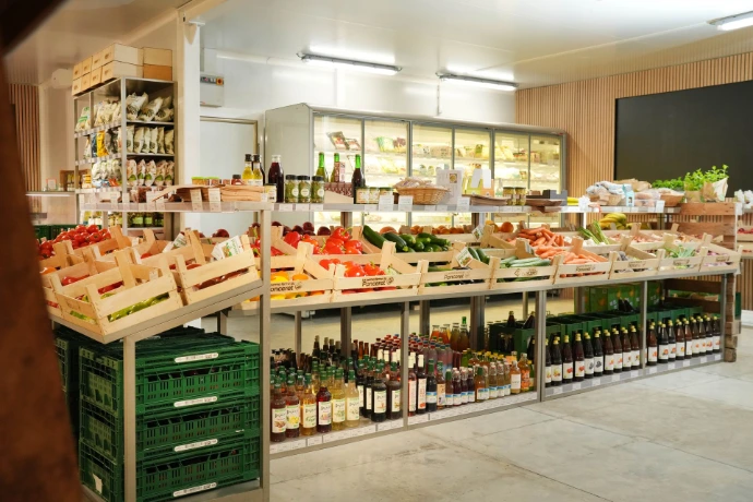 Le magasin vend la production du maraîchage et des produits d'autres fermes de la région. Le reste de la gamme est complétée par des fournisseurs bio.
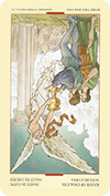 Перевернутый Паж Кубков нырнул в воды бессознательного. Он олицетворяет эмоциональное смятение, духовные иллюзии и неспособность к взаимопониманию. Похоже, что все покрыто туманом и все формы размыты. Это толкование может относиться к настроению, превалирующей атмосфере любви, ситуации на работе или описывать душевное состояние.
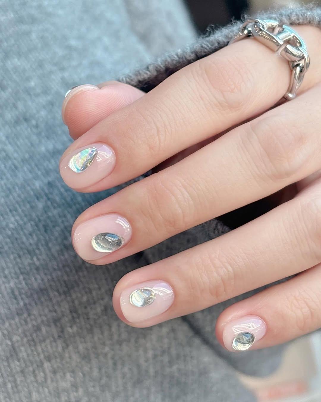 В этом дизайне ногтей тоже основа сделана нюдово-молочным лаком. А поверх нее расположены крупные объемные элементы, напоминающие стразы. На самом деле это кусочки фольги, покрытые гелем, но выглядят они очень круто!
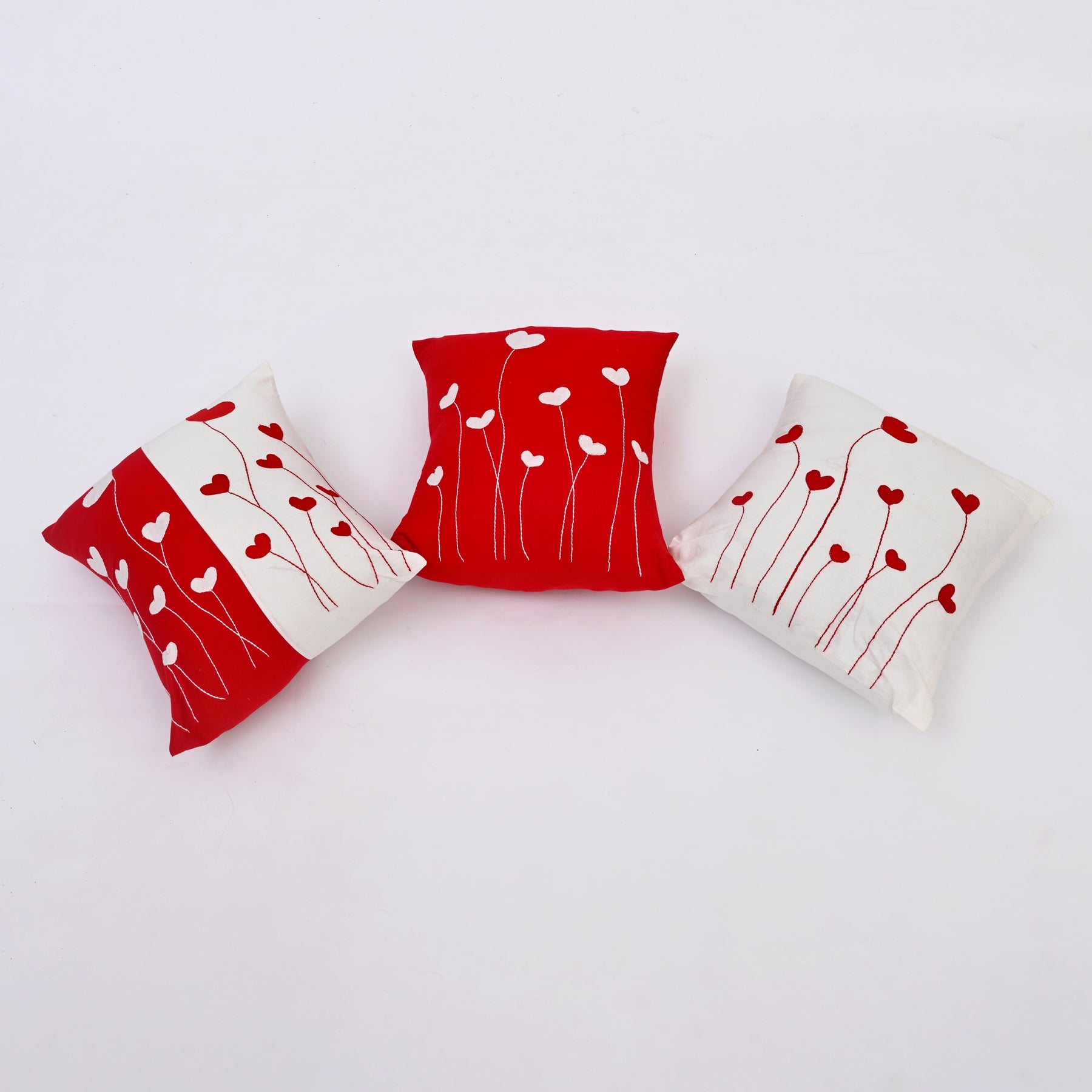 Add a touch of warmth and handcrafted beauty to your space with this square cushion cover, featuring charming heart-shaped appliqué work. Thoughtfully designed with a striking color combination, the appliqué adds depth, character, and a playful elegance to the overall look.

========================

A word-for-word transcription of the listing is needed, minus its images.

 Le magasin vend la production du maraîchage et des produits d'autres fermes de la région. Le reste de la gamme est complétée par des fournisseurs bio.
 Перевернутый Паж Кубков нырнул в воды бессознательного. Он олицетворяет эмоциональное смятение, духовные иллюзии и неспособность к взаимопониманию. Похоже, что все покрыто туманом и все формы размыты. Это толкование может относиться к настроению, превалирующей атмосфере любви, ситуации на работе или описывать душевное состояние.
 В этом дизайне ногтей тоже основа сделана нюдово-молочным лаком. А поверх нее расположены крупные объемные элементы, напоминающие стразы. На самом деле это кусочки фольги, покрытые гелем, но выглядят они очень круто!
 Add a touch of warmth and handcrafted beauty to your space with this square cushion cover, featuring charming heart-shaped appliqué work. Thoughtfully designed with a striking color combination, the appliqué adds depth, character, and a playful elegance to the overall look.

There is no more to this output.